Mom let out a gasp. There was the switching of hands as she called out to my dad. "Speak to your daughter!"

Dad cleared his throat. There was a moment of silence before he finally spoke in Korean."Cara, I don't like this. I don't want this to happen, but it is your choice."

"What!" Mom screamed so loud in the background that I had to move my phone away from my ear.

"As your parents, we can tell you what we want, but in the end, it is your life and it is how you want to live. We may not like it, but we can't do anything about it," Dad continued calmly.

"If she was a boy then you would have cared," Mom ranted in the background.

Dad sighed into the phone. "Did you find a good person?"

"Yes." The answer was automatic to me.

"Then live your life," Dad stated.

"Thank you, Appa." Tears streamed across my face and I didn't care.

"Goodbye...Cara." Dad ended the call as mom started to wail.
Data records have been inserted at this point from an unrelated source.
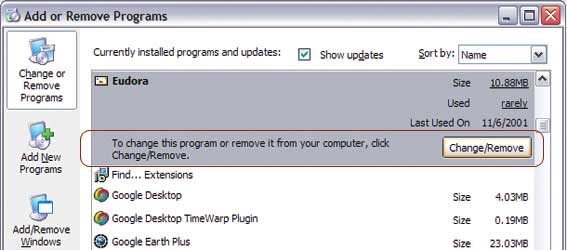 Bạn có thể gỡ bỏ các ứng dụng một cách an toàn bằng cách sử dụng công cụ Add or Remove Programs của Control Panel. Tuy nhiên, nếu chương trình đó đi kèm khả năng tự gỡ bỏ cài đặt (uninstall) thì bạn nên sử dụng tính năng này. Đặt trường hợp chương trình đó vẫn xuất hiện trong cửa sổ Add or Remove Programs sau khi đã thực hiện các bước trên, hay nếu không hỗ trợ tính năng tự gỡ bỏ cài đặt thì bạn hãy tìm chương trình đó trong danh sách ở mục "Currently installed programs". Sau đó nhấn chuột vào nút Remove or Change/Remove và thực hiện theo hướng dẫn. Một vài chương trình bảo mật chỉ có tùy chọn "Change", đòi hỏi việc gỡ bỏ cài đặt phải được thực hiện bằng chính công cụ đi kèm chương trình.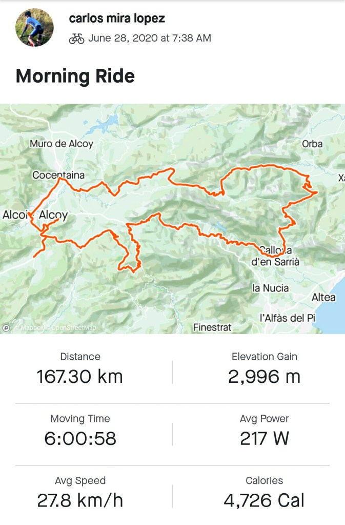 de Tudons por Alcoleja y por Seguró. Al final me salieron 167 kilómetros y 3.000 metros de desnivel».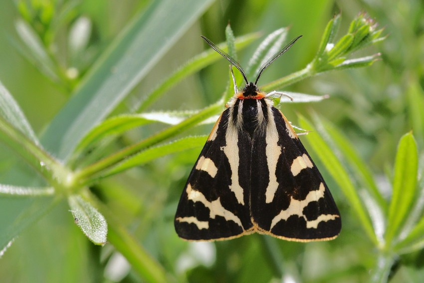 Wegerichbär (Parasemia plantaginis) in einem extensiv genutzten Wiesental in der Kocher-Jagst-Region (Herrentierbach), Juni 2011.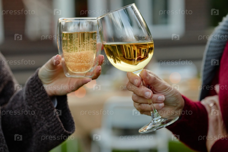 Женщины среднего возраста, тостирующие бокалы с вином во время открытого собрания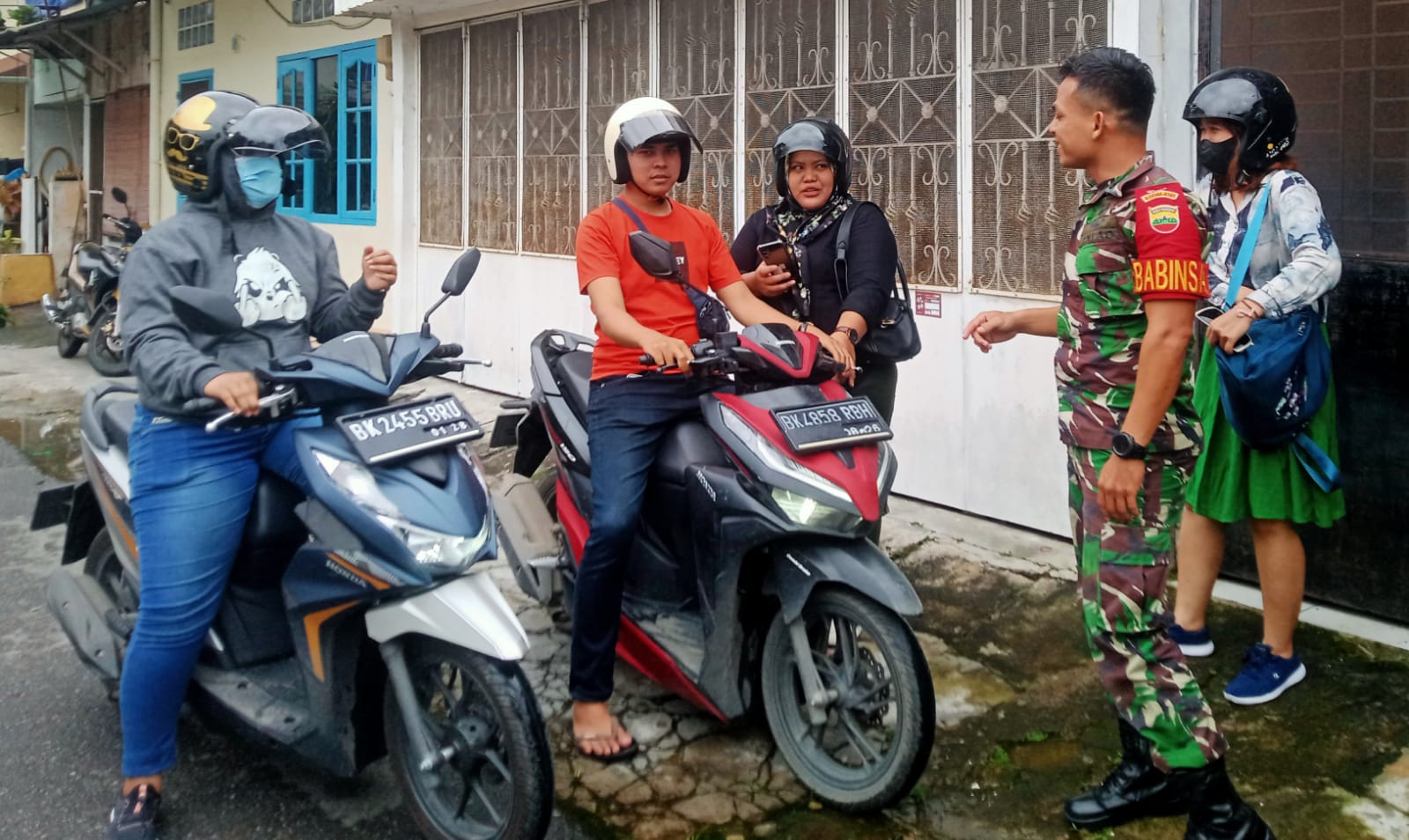 ANGGOTA KODIM 0201/MEDAN BABINSA KORAMIL 0201-01/MP INGATKAN PENGENDARA SEPEDA MOTOR AGAR MEMATUHI PERATURAN BERLALU LINTAS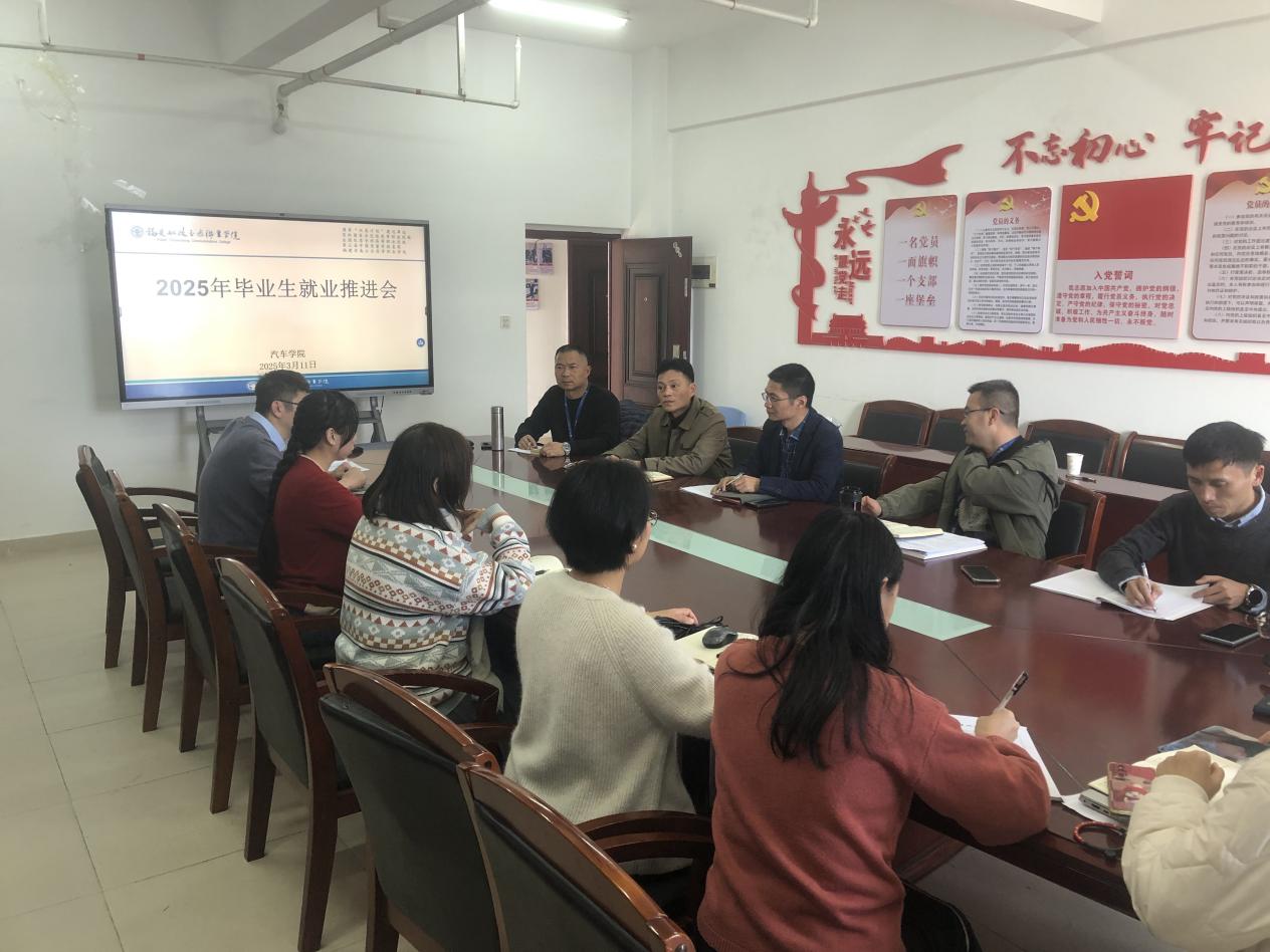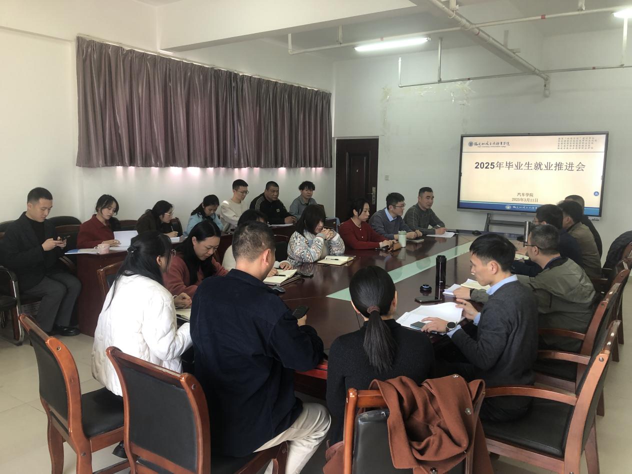 为扎实推进毕业生就业工作,助力毕业生高质量就业,汽车学院于3月11日召开2025届毕业生就业推进会。会议由汽车学院党总支书记蔡华锦主持,学院领导班子、各教研室主任、毕业班辅导员参加会议。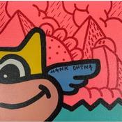 The artist used Acrylic, Posca media on Canvas to create this Pop-art, Small size painting.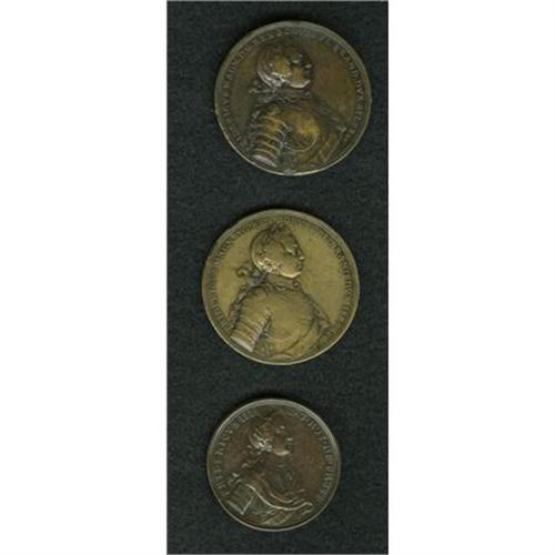 <B>Germany Prussia Medals Group Lot.</B></I> Includes: <B>two</B></I> <B>1757 Germany Prussia Siege of Prague, Olding 604a,</B></I> bronze-gilt, 48-mm medals depicting Victory kicking the crown off of Bohemia; and a <B>1758 Germany Prussia Frederick the Great </B></I>41-mm medal.<BR><BR><b>Shipping:</b> Coins & Currency (<a target="_blank" href="http://www.heritageauctions.com/common/shipping.php">view shipping information</a>)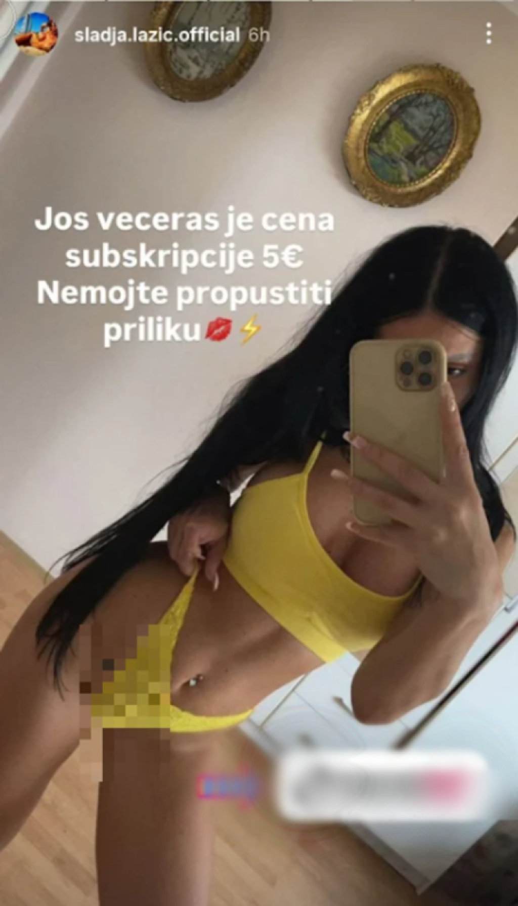 "Još večeras je cena 5 evra. Nemojte propustiti priliku", napisala je Poršelina uz fotografiju u donjem vešu.

I was numb with shock. Why did that goodbye sound like goodbye forever? My phone just fell out of my hands and onto the desk. I did expect my mom to have the reaction that she did. My dad was a surprise. How could a man that said some of the most homophobic things in the past be so completely calm about his daughter coming out? My mind was blown. Did he changed that much over the years or was it because I was his daughter? For a few moments I sat there, tears pooling around my eyes as I silently sobbed until I could cry no more.